# cheese and chives



## joanner (Apr 19, 2012)

Hi everyone ,

Need your advice, I have bought the wrong Philli cheese , normally buy just cheese, was just about to fill Stanlees' Kong and realised i have bought cheese and chives , is this ok ??? Also knowing how often my beautiful poo is sick lol 

xx


----------



## Janev1000 (Oct 4, 2011)

Chives are part of the onion family, which are not recommended for dogs. If you google it, you will see the info on it quite easily. However, not sure about the cheese as it's probably such a small amount of chives in there - mainly for flavour - so not sure really!


----------



## joanner (Apr 19, 2012)

Ok thanks Jane , I do remember hearing that somewhere. I guess i will have to have that tub and get him a different one tomorrow !!


----------



## JoJo (Mar 2, 2011)

I think I would get another tub, just cream cheese ... best to be safe than sorry Jo ... and Jane is right chives are the onion family   may have to be a different treat for tonight  peanut butter, tuna, a carrot etc


----------



## joanner (Apr 19, 2012)

Yes just googled it and certainly wont be giving it to him lol . He does not need any help on the sick front !!! Had just bought him a new knong and was going to freeze the cheese over night as I am working tomorrow morning and like him to keep happy  will have to hide lots of treats for him instead . Thanks girls. I am new to all this dog ownership and i think i am drinving my friends mad with questions.
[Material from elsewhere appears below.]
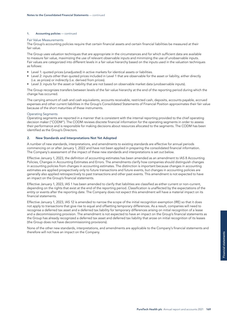 PureTech Health plc Annual report and accounts 2021 169 Fi na nc ia l s ta te m en ts FairValueMeasurements TheGroup’saccountingpoliciesrequirethatcertainfinancialassetsandcertainfinancialliabilitiesbemeasuredattheir fair value. TheGroupusesvaluationtechniquesthatareappropriateinthecircumstancesandforwhichsufficientdataareavailable tomeasurefairvalue,maximizingtheuseofrelevantobservableinputsandminimizingtheuseofunobservableinputs. Fair valuesarecategorizedintodifferentlevelsinafairvaluehierarchybasedontheinputsusedinthevaluationtechniques as follows: • Level1:quotedprices(unadjusted)inactivemarketsforidenticalassetsorliabilities. • Level2:inputsotherthanquotedpricesincludedinLevel1thatareobservablefortheassetorliability,eitherdirectly (i.e.asprices)orindirectly(i.e.derivedfromprices). • Level3:inputsfortheassetorliabilitythatarenotbasedonobservablemarketdata(unobservableinputs). TheGrouprecognizestransfersbetweenlevelsofthefairvaluehierarchyattheendofthereportingperiodduringwhichthe changehasoccurred. Thecarryingamountofcashandcashequivalents,accountsreceivable,restrictedcash,deposits,accountspayable,accrued expensesandothercurrentliabilitiesintheGroup’sConsolidatedStatementsofFinancialPositionapproximatestheirfairvalue becauseoftheshortmaturitiesoftheseinstruments. OperatingSegments Operatingsegmentsarereportedinamannerthatisconsistentwiththeinternalreportingprovidedtothechiefoperating decisionmaker(“CODM”).TheCODMreviewsdiscretefinancialinformationfortheoperatingsegmentsinordertoassess theirperformanceandisresponsibleformakingdecisionsaboutresourcesallocatedtothesegments.TheCODMhasbeen identifiedastheGroup’sDirectors. 2. New Standards and Interpretations Not Yet Adopted Anumberofnewstandards,interpretations,andamendmentstoexistingstandardsareeffectiveforannualperiods commencingonorafterJanuary1,2022andhavenotbeenappliedinpreparingtheconsolidatedfinancialinformation. The Company’sassessmentoftheimpactofthesenewstandardsandinterpretationsissetoutbelow. EffectiveJanuary1,2023,thedefinitionofaccountingestimateshasbeenamendedasanamendmenttoIAS8Accounting Policies,ChangesinAccountingEstimatesandErrors.Theamendmentsclarifyhowcompaniesshoulddistinguishchanges inaccountingpoliciesfromchangesinaccountingestimates.Thedistinctionisimportantbecausechangesinaccounting estimatesareappliedprospectivelyonlytofuturetransactionsandfutureevents,butchangesinaccountingpoliciesare generallyalsoappliedretrospectivelytopasttransactionsandotherpastevents.Thisamendmentisnotexpectedtohave an impactontheGroup’sfinancialstatements. EffectiveJanuary1,2023,IAS1hasbeenamendedtoclarifythatliabilitiesareclassifiedaseithercurrentornon-current, dependingontherightsthatexistattheendofthereportingperiod.Classificationisunaffectedbytheexpectationsofthe entityoreventsafterthereportingdate.TheCompanydoesnotexpectthisamendmentwillhaveamaterialimpactonits financialstatements. EffectiveJanuary1,2023,IAS12isamendedtonarrowthescopeoftheinitialrecognitionexemption(IRE)sothatitdoes notapplytotransactionsthatgiverisetoequalandoffsettingtemporarydifferences.Asaresult,companieswillneedto recogniseadeferredtaxassetandadeferredtaxliabilityfortemporarydifferencesarisingoninitialrecognitionofalease and adecommissioningprovision.TheamendmentisnotexpectedtohaveanimpactontheGroup’sfinancialstatementsas theGrouphasalreadyrecognizedadeferredtaxassetanddeferredtaxliabilitythataroseoninitialrecognitionofitsleases (theGroupdoesnothavedecommissioningprovisions). Noneoftheothernewstandards,interpretations,andamendmentsareapplicabletotheCompany’sfinancialstatementsand thereforewillnothaveanimpactontheCompany. 1. Accounting policies —continued Notes to the Consolidated Financial Statements — continued

But one thing I must say is what on earth did I ever do without him before !!! xx


----------



## JoJo (Mar 2, 2011)

Dont worry I talk dog/cockapoo far too much ... trick is come on here and chat to other doggie friends  hugs to Stanlee


----------



## Anna (Dec 6, 2011)

I had the same problem
Last week and suddenly remembered about the onion not being good for dogs! 


Sent from my iPhone using Tapatalk


----------



## flounder_1 (May 12, 2011)

Philadelphia!!! How posh!  Lolly gets Tesco value cheese spread!


----------